#### [REQUIRED WORK]
The lines needed run from the one that contains "Bett rasa sonoma" through the end of the material below, both included; write them out exactly, with no pictures.
::: EXTRACTED RECORDS :::
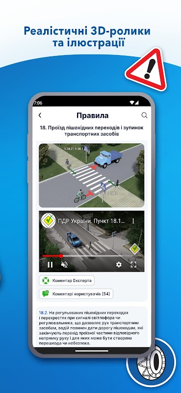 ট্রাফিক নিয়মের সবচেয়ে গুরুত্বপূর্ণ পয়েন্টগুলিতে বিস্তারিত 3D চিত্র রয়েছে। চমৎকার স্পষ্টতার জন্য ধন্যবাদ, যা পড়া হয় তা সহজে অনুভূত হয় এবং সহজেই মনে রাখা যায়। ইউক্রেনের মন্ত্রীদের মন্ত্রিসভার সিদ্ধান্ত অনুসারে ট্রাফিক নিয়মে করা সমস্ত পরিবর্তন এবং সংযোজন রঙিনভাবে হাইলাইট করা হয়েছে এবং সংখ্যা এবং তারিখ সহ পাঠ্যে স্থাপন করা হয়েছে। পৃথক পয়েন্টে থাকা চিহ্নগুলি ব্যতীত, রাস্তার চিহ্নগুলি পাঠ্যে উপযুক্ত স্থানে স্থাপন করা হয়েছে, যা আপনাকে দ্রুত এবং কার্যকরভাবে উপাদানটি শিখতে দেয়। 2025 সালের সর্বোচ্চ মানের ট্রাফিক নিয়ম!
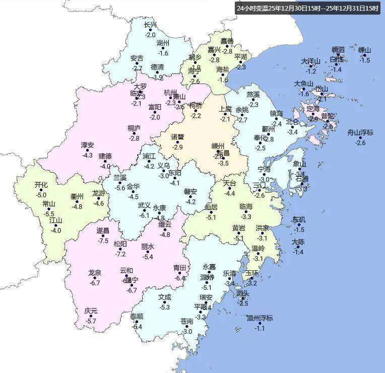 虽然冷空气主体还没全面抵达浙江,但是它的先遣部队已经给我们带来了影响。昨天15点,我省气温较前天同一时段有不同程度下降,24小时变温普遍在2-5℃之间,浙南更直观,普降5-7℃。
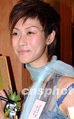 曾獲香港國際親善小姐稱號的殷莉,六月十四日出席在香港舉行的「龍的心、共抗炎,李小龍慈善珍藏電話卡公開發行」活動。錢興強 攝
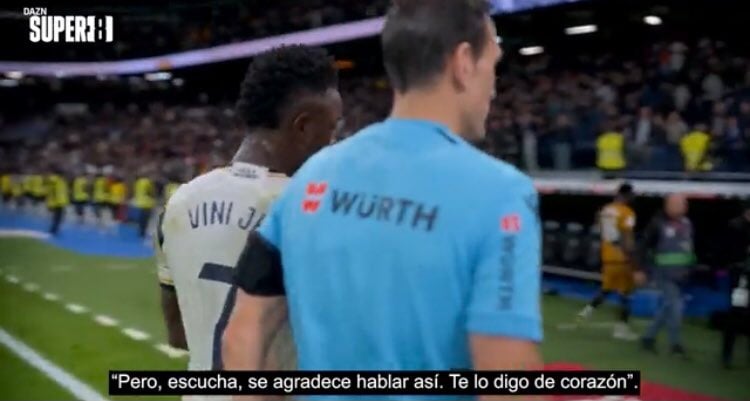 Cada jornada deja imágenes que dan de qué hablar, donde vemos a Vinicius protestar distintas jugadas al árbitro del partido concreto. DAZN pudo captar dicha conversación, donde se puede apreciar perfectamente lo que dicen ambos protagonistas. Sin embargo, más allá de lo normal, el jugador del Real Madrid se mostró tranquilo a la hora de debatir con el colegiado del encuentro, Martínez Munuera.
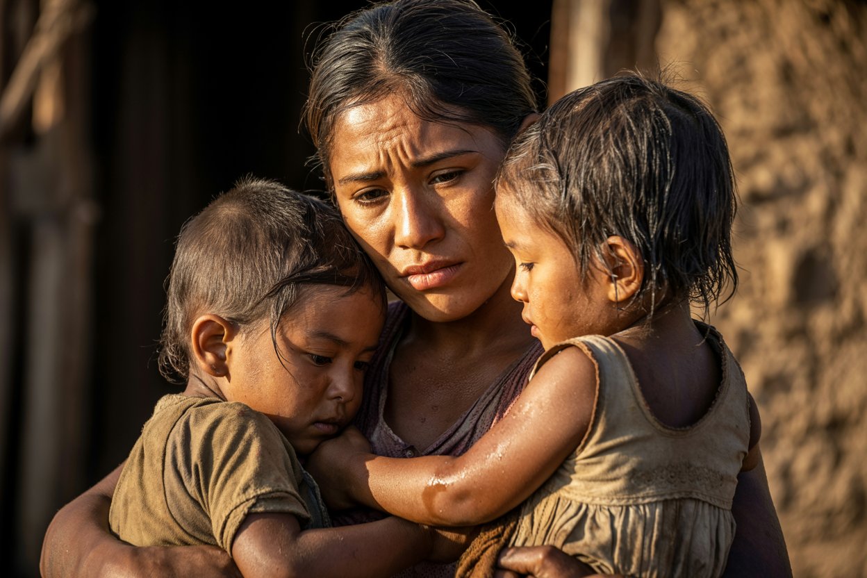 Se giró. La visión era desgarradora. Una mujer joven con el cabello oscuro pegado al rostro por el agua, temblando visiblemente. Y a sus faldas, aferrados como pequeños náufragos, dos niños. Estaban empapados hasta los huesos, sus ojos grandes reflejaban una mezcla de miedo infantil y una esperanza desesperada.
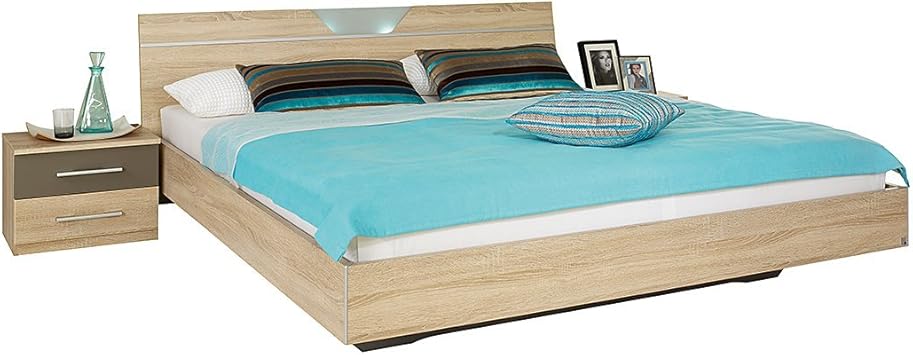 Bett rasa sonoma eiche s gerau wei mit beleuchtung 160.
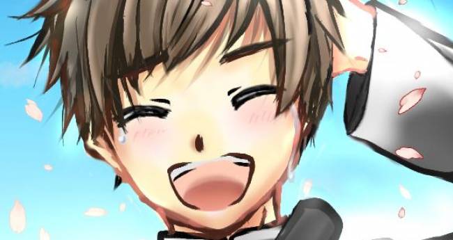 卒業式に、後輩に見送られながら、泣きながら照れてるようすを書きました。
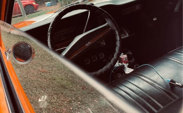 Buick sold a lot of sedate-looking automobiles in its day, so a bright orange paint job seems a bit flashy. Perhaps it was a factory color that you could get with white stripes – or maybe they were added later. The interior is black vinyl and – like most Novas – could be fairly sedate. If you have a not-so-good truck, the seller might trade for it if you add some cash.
:::
#### [PROBLEM SOLUTION]
 Bett rasa sonoma eiche s gerau wei mit beleuchtung 160.
 卒業式に、後輩に見送られながら、泣きながら照れてるようすを書きました。
 Buick sold a lot of sedate-looking automobiles in its day, so a bright orange paint job seems a bit flashy. Perhaps it was a factory color that you could get with white stripes – or maybe they were added later. The interior is black vinyl and – like most Novas – could be fairly sedate. If you have a not-so-good truck, the seller might trade for it if you add some cash.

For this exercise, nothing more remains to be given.